Work required:
Transcribe the entries that follow, every word as written, and drop the pictures.

Dataset:
▬▬▬

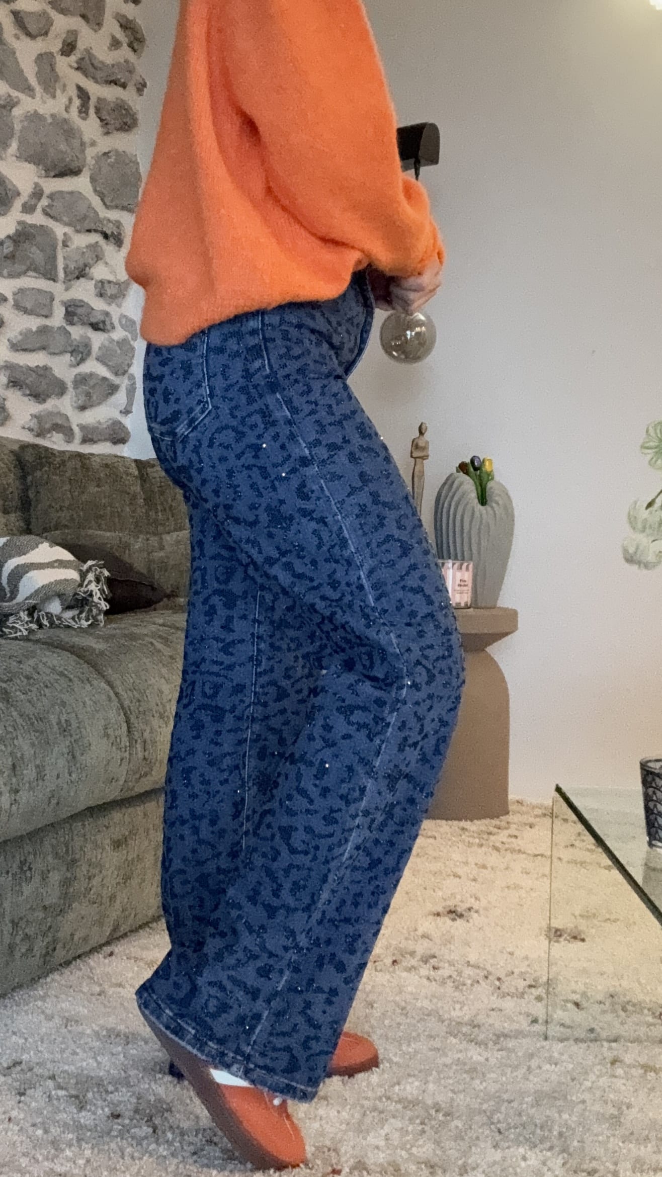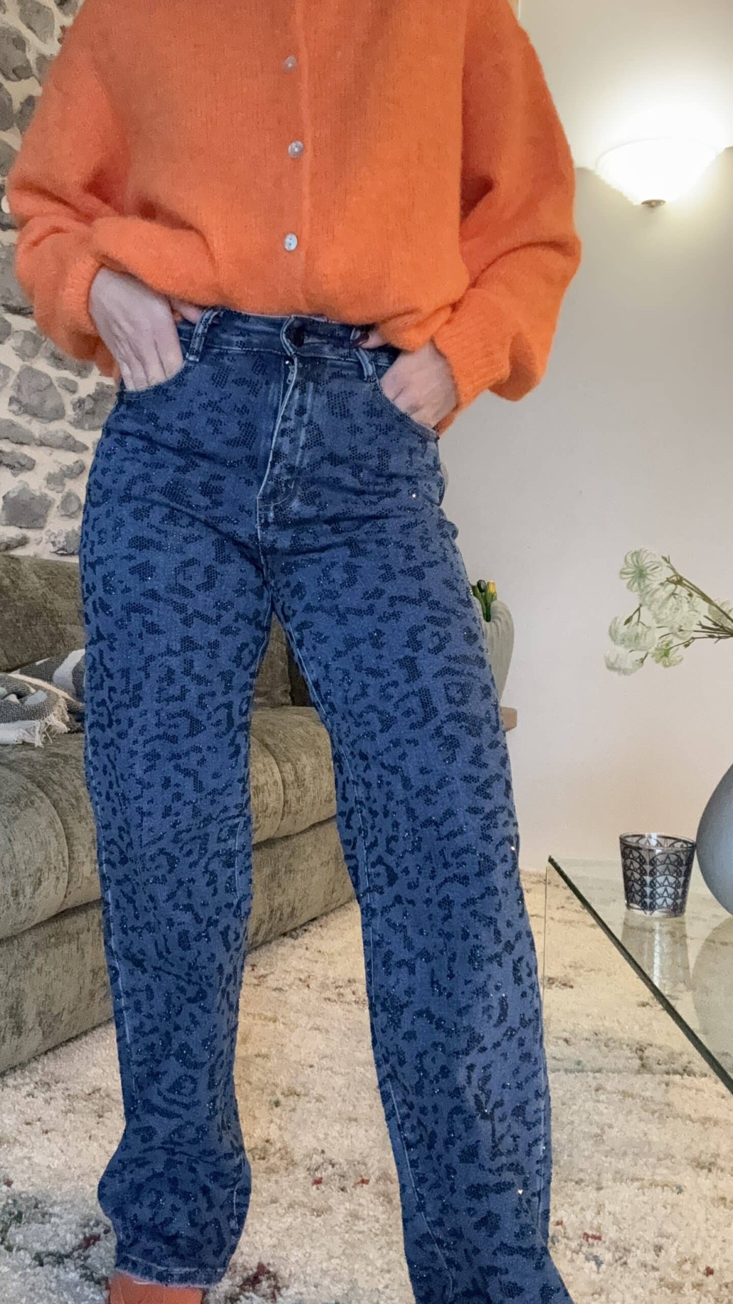 Pantalon bleu avec strass en motif panthère bleu foncé
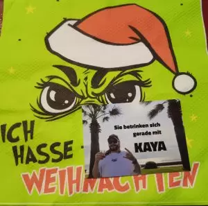Bei der Außentemperatur von frostigen Graden schnell in die kuschelige Goldgrube Kassel hinabsteigen. Masters of Cassel gibt es nun schon seit 20 Jahren und die Weihnachtsedition fand dieses Jahr in der Goldgrube statt. Die Hütte war gut besucht und so merkte man nichts von der arktischen Kälte. Zuerst hat mich Diana Schneider begrüßt, der weibliche Teil des Master of Cassel Team, während Kollege und Ehemann Dirk Schneider die Stellung am Merchstand hinter der Theke hielt. Sie drückte mir die herrliche Grinchserviette „Ich hasse Weihnachten“ in die Hand, weil ich ganz begeistert von Kayas Antichristus Pullover war. Der wurde von Diana zu mir zitiert, da ich beim letzten Besuch die Verschlußkappe meiner Kamera verbaselt hatte, die sich Gott sei dank in der Kramkiste wiederfand. Daraufhin ein Bierchen mit Kaya Knorke, der mir nicht nur die erfrischende Hopfenschorle spendierte, sondern mir auch sein persönliches Kärtchen „Sie betrinken sich gerade mit Kaya“ ins Händchen drückte. Gut, falls mal nach dem x-ten Bierchen den Namen vergisst, einfach nochmal nachschauen.
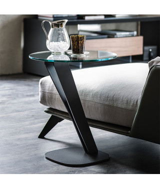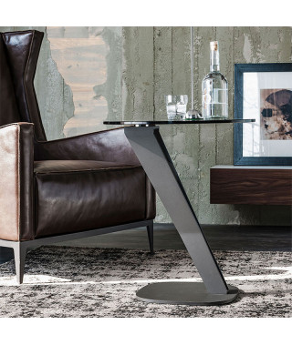 Tavolino fianco divano con base in acciaio verniciato goffrato graphite (GFM69). Piano in cristallo trasparente o fumé
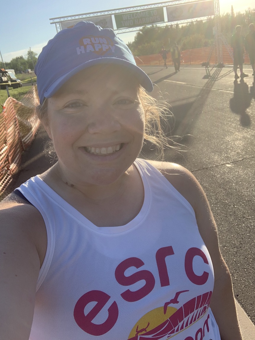 We arrived at the starting line in Two Harbors, Minnesota, with more than an hour before the race start, which was at 7:45 a.m. I’d never seen so many people sitting down on the ground and grass before a race! I sat for a little bit, since so many others were sitting. I also had time to use the bathroom twice, drink a little water and get some photos in Two Harbors.
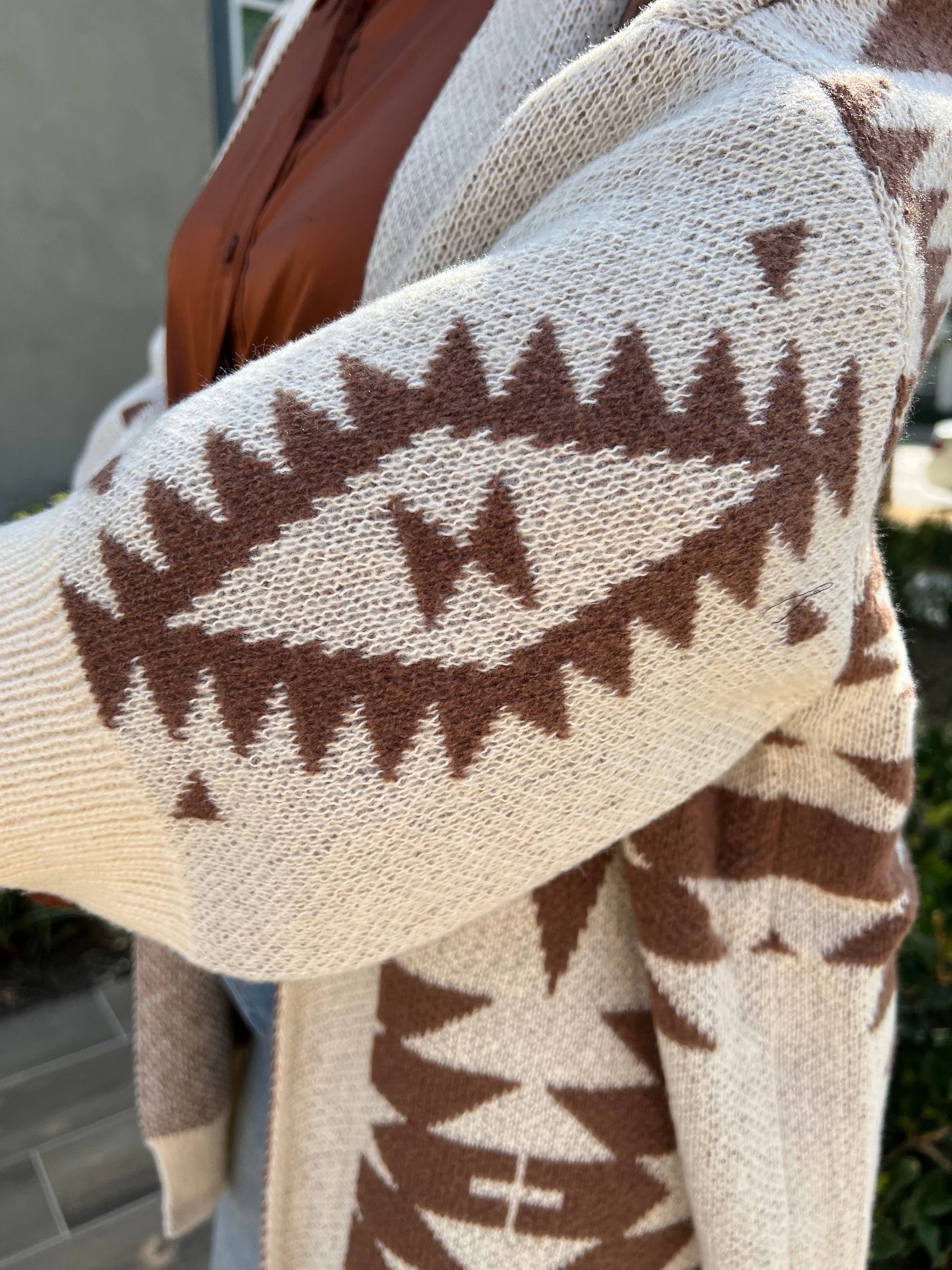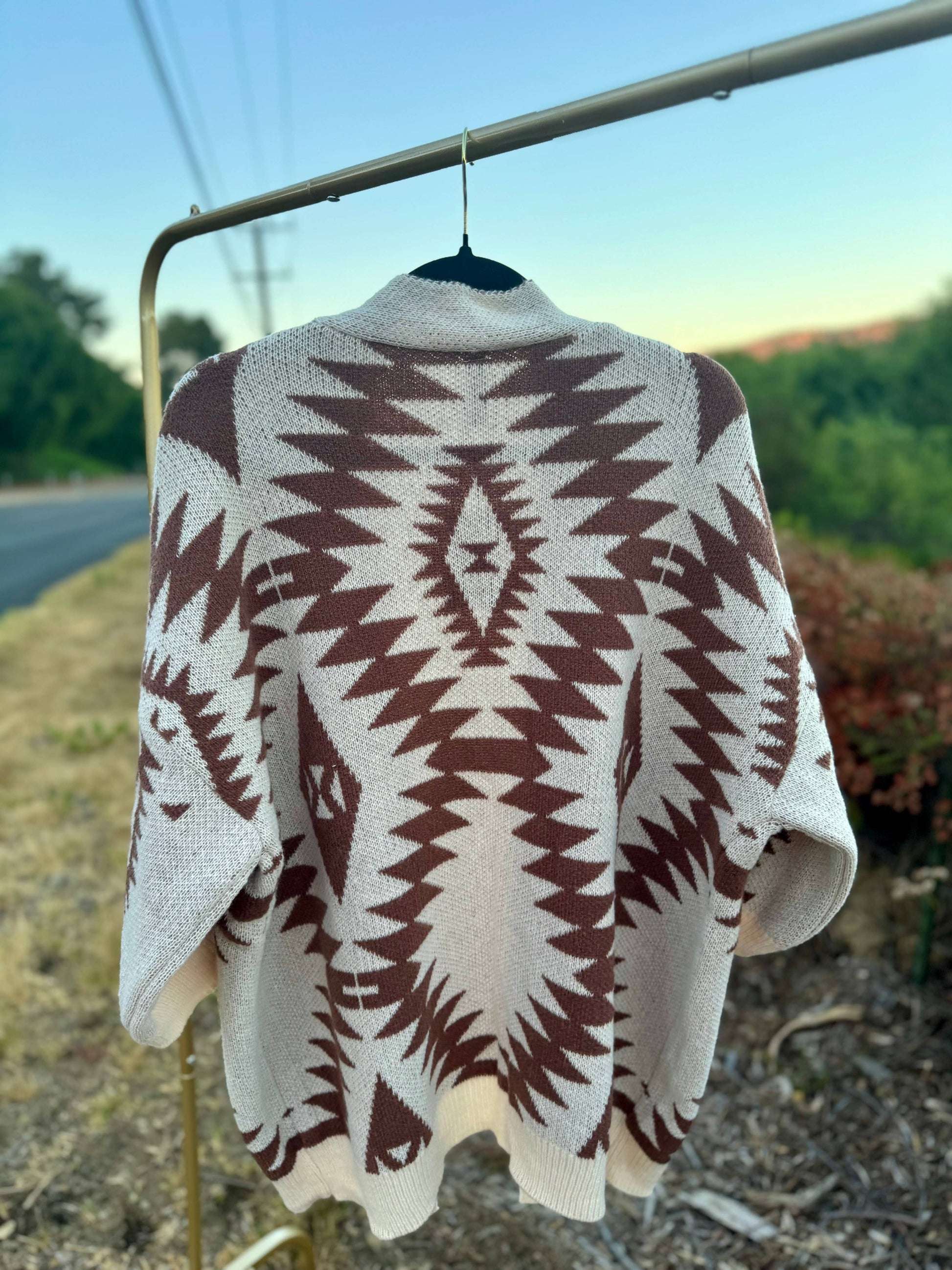 Naomi Wilde | Aztec Styled Cardigan with Large Arms: Brown one size

▬▬▬

Expected answer:
 Pantalon bleu avec strass en motif panthère bleu foncé
Bei der Außentemperatur von frostigen Graden schnell in die kuschelige Goldgrube Kassel hinabsteigen. Masters of Cassel gibt es nun schon seit 20 Jahren und die Weihnachtsedition fand dieses Jahr in der Goldgrube statt. Die Hütte war gut besucht und so merkte man nichts von der arktischen Kälte. Zuerst hat mich Diana Schneider begrüßt, der weibliche Teil des Master of Cassel Team, während Kollege und Ehemann Dirk Schneider die Stellung am Merchstand hinter der Theke hielt. Sie drückte mir die herrliche Grinchserviette „Ich hasse Weihnachten“ in die Hand, weil ich ganz begeistert von Kayas Antichristus Pullover war. Der wurde von Diana zu mir zitiert, da ich beim letzten Besuch die Verschlußkappe meiner Kamera verbaselt hatte, die sich Gott sei dank in der Kramkiste wiederfand. Daraufhin ein Bierchen mit Kaya Knorke, der mir nicht nur die erfrischende Hopfenschorle spendierte, sondern mir auch sein persönliches Kärtchen „Sie betrinken sich gerade mit Kaya“ ins Händchen drückte. Gut, falls mal nach dem x-ten Bierchen den Namen vergisst, einfach nochmal nachschauen.
 Tavolino fianco divano con base in acciaio verniciato goffrato graphite (GFM69). Piano in cristallo trasparente o fumé
 We arrived at the starting line in Two Harbors, Minnesota, with more than an hour before the race start, which was at 7:45 a.m. I’d never seen so many people sitting down on the ground and grass before a race! I sat for a little bit, since so many others were sitting. I also had time to use the bathroom twice, drink a little water and get some photos in Two Harbors.
 Naomi Wilde | Aztec Styled Cardigan with Large Arms: Brown one size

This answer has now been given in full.